Очередь решетит и калечит замок, но не открывает дверь: замок, хоть и вырван с мясом из своей плоскости, все еще держится собачкой за паз в косяке.
Сейчас этот ублюдок будет открывать дверь с ноги и на мгновение опустит автомат... Или так, или никак. Или я просчитася и получу за это по высшей из всех ставок.
Но бинго! высшие ставки на этот раз мои. Когда он врывается в кабинет, поднять «калаш» в исходное положение он не успевает, потому что в лоб ему утыкается дуло пороковского «макарыча». Surprize, гоблин!
За маской – черные глаза, большие и пассионарные. Смотрят в мои, прожигают в них дырку, мешая лучи ненависти с вибрациями инстинкта самосохранения. Там, где должны быть крылья носа, маска вздымается и втягивается внутрь, как будто к ней подключили два насоса. Судя по безапелляционно зарождающимся морщинкам вокруг глаз, мы с маской примерно ровесники.
И вот теперь мы с ровесником стоим и молчим, раздувая ноздри и буравя друг друга глазами. Все остальные вжались в угол где-то далеко, на периферии сюжета. Немая сцена.
Он знает, что получит пулю в голову, стоит ему хотя бы шевельнуться.
А я знаю, что эта пуля будет резиновой. Но дело, конечно же, не в этом.
Дело в том, что все совершённое до сего момента я делал инстинктивно, как на войне – ни о чем не думая и следуя единожды усвоенным алгоритмам выживания. С тех пор, как мы услышали первые автоматные очереди, не прошло и минуты, и на раздумья у меня попросту не было времени. А теперь я стою, не двигаюсь, и наконец включились мысли; и я не могу отделаться от одной навязчивой: а ведь это вариант.
Надо только повернуться чуть влево, отпрянуть на шаг по стенке, а его запустить на шаг вглубь кабинета. Чтобы мы все оказались у него на одной линии огня.

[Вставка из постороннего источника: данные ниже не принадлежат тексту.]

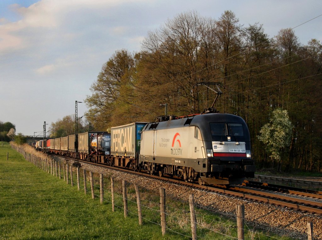 Die ES 64 U2-029 am 16.04.2011 mit einem KLV-Zug unterwegs bei Großkarolinenfeld (BÜ Vogl).
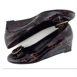 STUART WEITZMAN Bow Tortoise Patent Wedge Heel 8.5
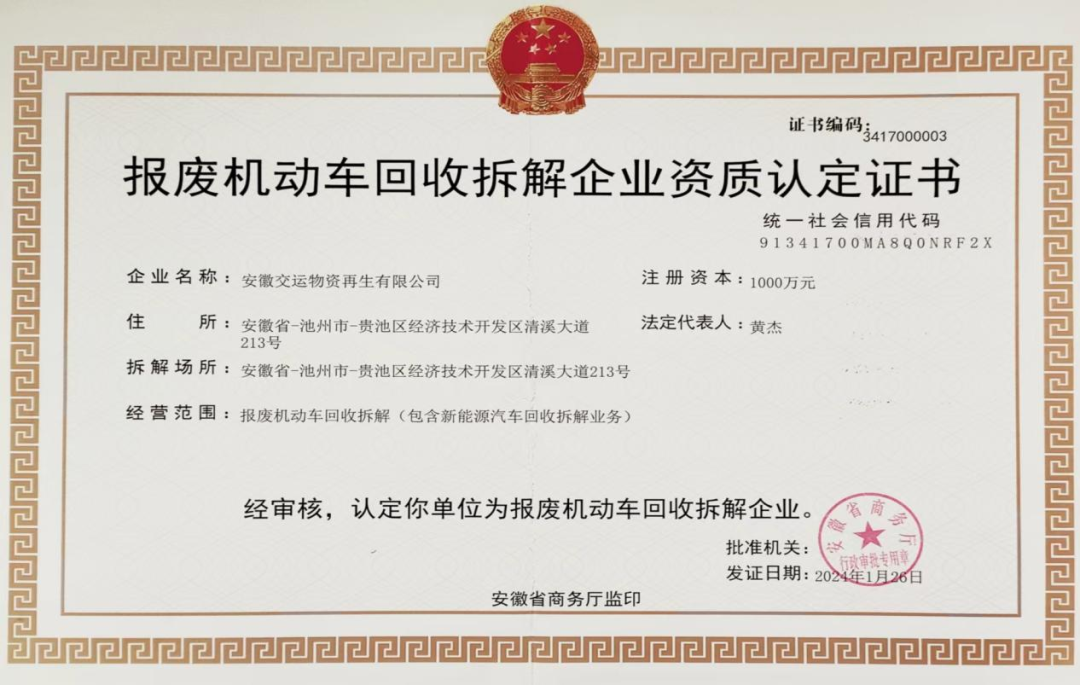 近日,集團(tuán)所屬安徽交運(yùn)物資再生有限公司順利通過安徽省商務(wù)廳批準(zhǔn),成功獲得報廢機(jī)動車回收拆解企業(yè)資質(zhì)認(rèn)定證書 。
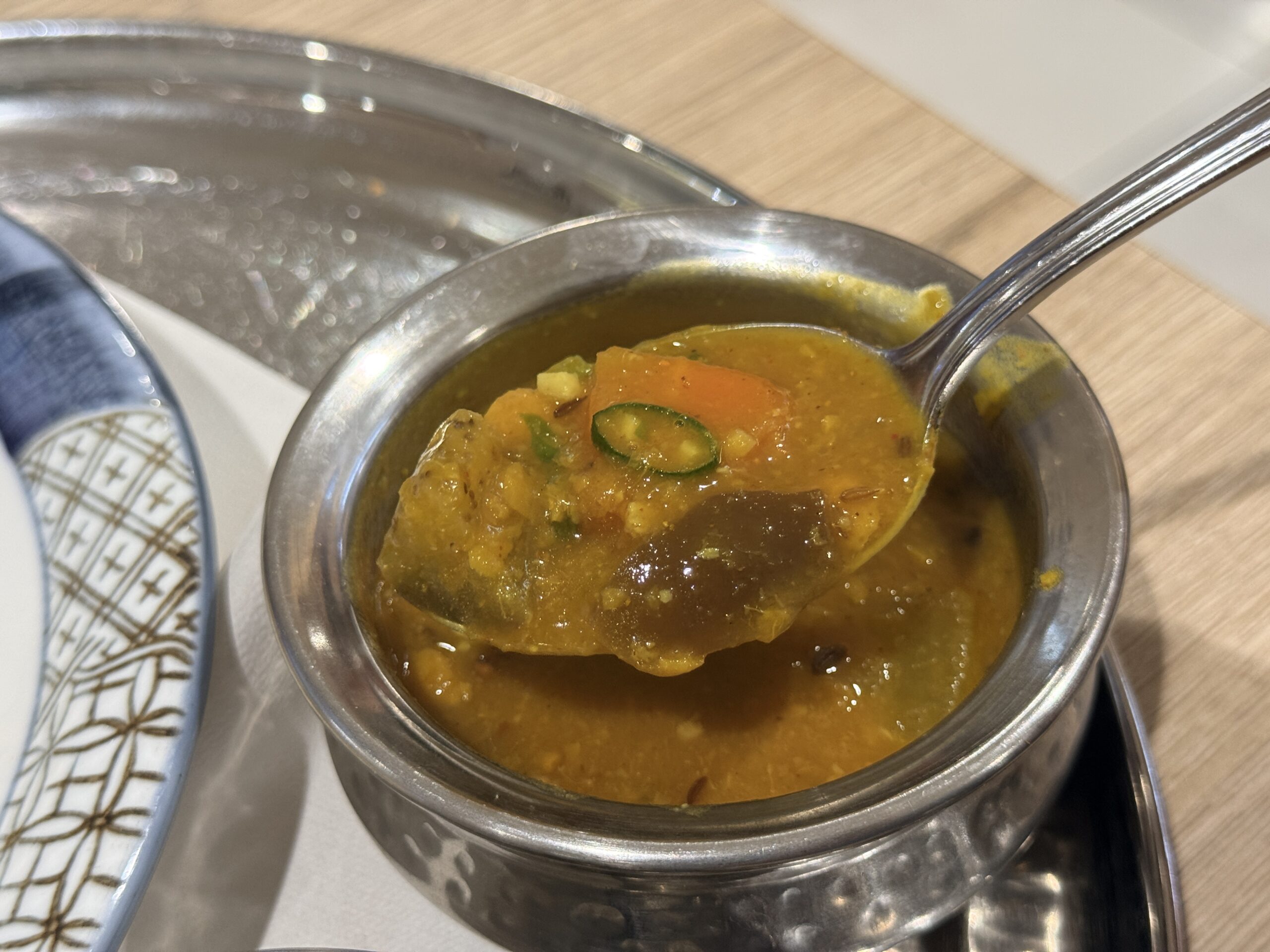 サンバールは南インドの野菜スープで、トゥール・ダルという豆とナスなどの野菜が煮込まれていて、これまたスパイシーな味わいです。

А потом совсем чуть-чуть сбить прицел и выстрелить. Так, чтобы не попасть и напугать. Все остальное сделает маска-ровесник. Машинально. Из чувства самосохранения.

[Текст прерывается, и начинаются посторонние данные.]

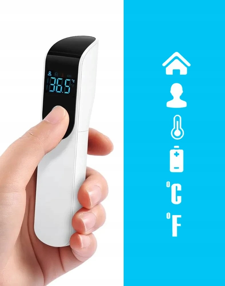 Pomiar temperatury ciała (32°C – 42,9°C) oraz obiektów (0°C – 100°C) sprawia, że termometr jest wszechstronnym narzędziem do użytku zdrowotnego i codziennego, np. sprawdzania temperatury mleka czy wody.
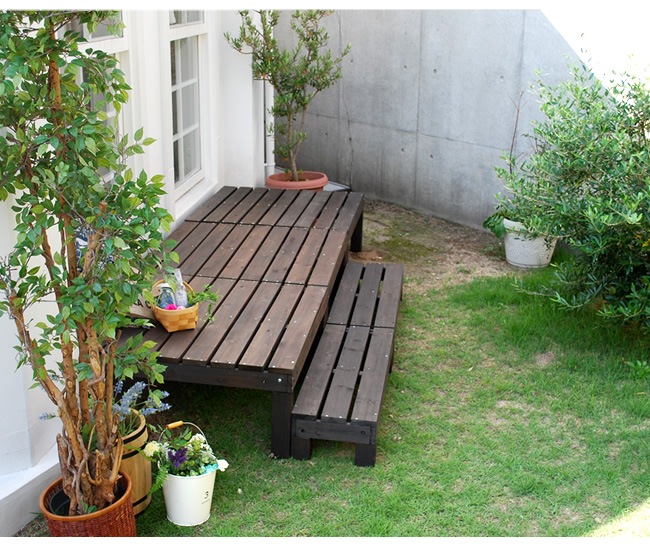 縁台として、ウッドデッキとして、また飾り棚としてもお楽しみいただける、
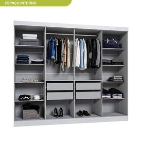 Com 8 portas de bater e amplo espaço interno, o modelo oferece excelente organização com gavetas internas, corrediças telescópicas, varão e calceiro em madeira. Sua modulação interna versátil permite acomodar desde roupas longas até acessórios, adaptando-se perfeitamente às suas necessidades.
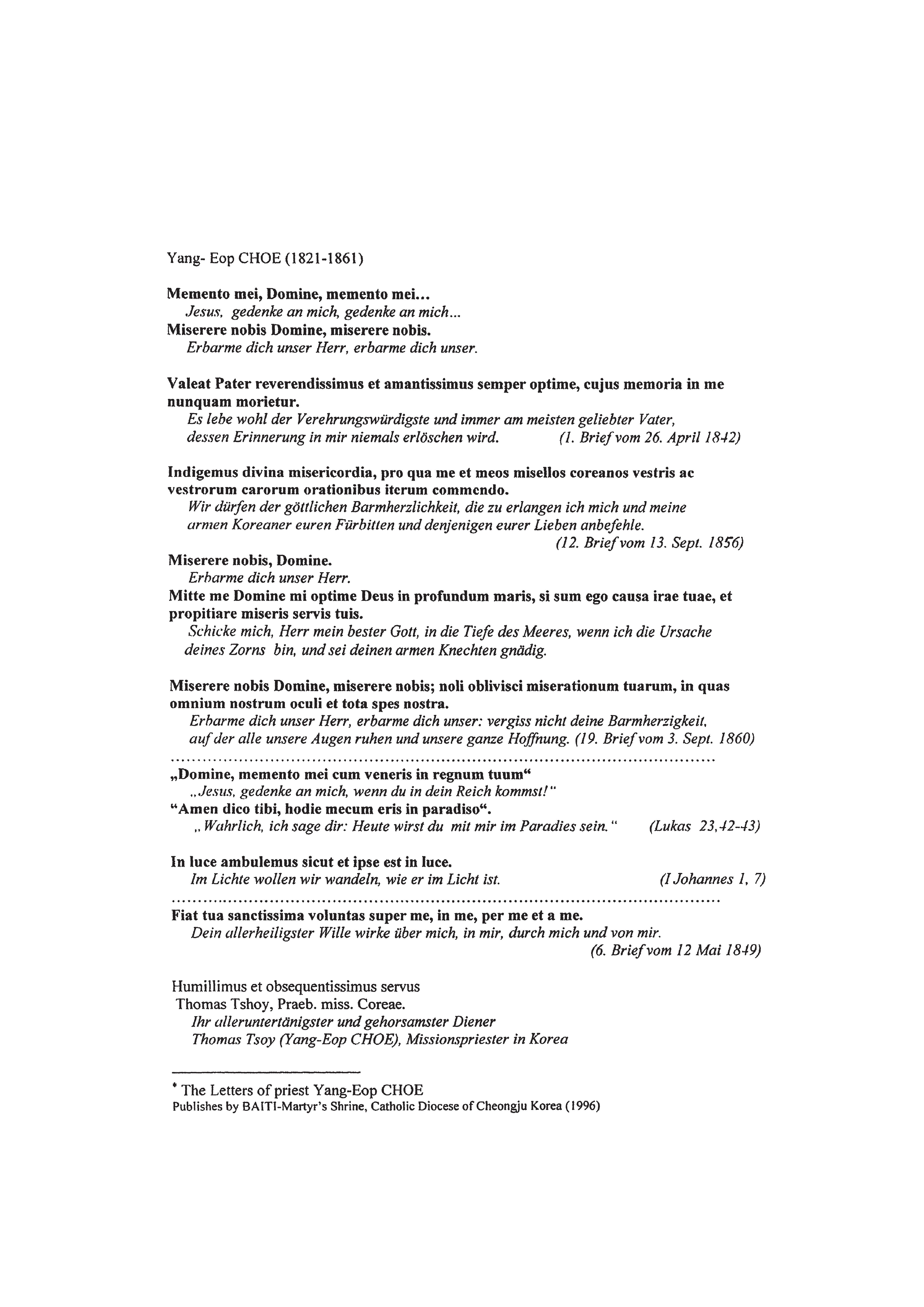 auf Texte aus den Briefen des zweiten koreanischen Priesters

Он не уберет палец с курка, пока не опустошит весь рожок. Чистая психология. Я видел такие глаза на войне и хорошо знаю, чего от них можно ожидать. Он на взводе и если начнет стрелять, то по своей воле не прекратит.
«Они жили долго
и счастливо и умерли в один день»… Ну, может и не очень долго и не совсем счастливо, конечно. Ничего, я готов сбить цену. Ладно, уговорили! мне не надо долго и счастливо. Мне б только, чтоб умереть в один день с моим ребенком.Вера? Она, несмотря на все ее недостатки, будет так же рада. Аристарх? Старик немного поскучает без Вериной матери, у них совет да любовь, как в книгах про тех, у кого жизнь удалась. Но в любом случае ждать благоверную ему придется недолго: возраст.
Остальные? Да плевать я хотел на остальных. Вы не смогли мне помочь, а я не могу помочь вам. Это не месть. Это жизнь. Я всего лишь хомо сапиенс, ребята.
И не пугайте меня адом, в который я попаду, подставив под пули невинных людей. Хуже, чем сейчас, ни в каком аду мне уже не будет.
– Ытты, – сипит испорченным чайником человек с глазами-маслинами, – ыттты. – Сипит в голос, как бы алогично это ни звучало. Ну да, слова сейчас надо чем-нибудь заменить, а как же.
В одну из прорезей маски из-под набухшей от влаги ткани втекает капелька пота. Неспешно заползает в уголок черного правого глаза. Уродец начинает часто смаргивать, точно школьник, который описался у доски и вот-вот расплачется. Да уж, представь себе: погодную аномалию никто не отменял даже для отмороженных воинов Аллаха. Я словно бы вижу воочию, как под этой синтетикой у него сейчас плавится мозг.
«Ты всего лишь человек, парень... Делай, что должен… Ты слишком недолго верил…»
А знаешь – на самом деле это просто слова. Набор мантр для второразрядного дешевого аутотренинга, звучащий чем дальше, тем иллюзорнее.
Радислав, мать его, Гандапас. Абсурдное сочетание звуков.
Всё.
Вера закончилась. Все билеты проданы, ждите нового завоза.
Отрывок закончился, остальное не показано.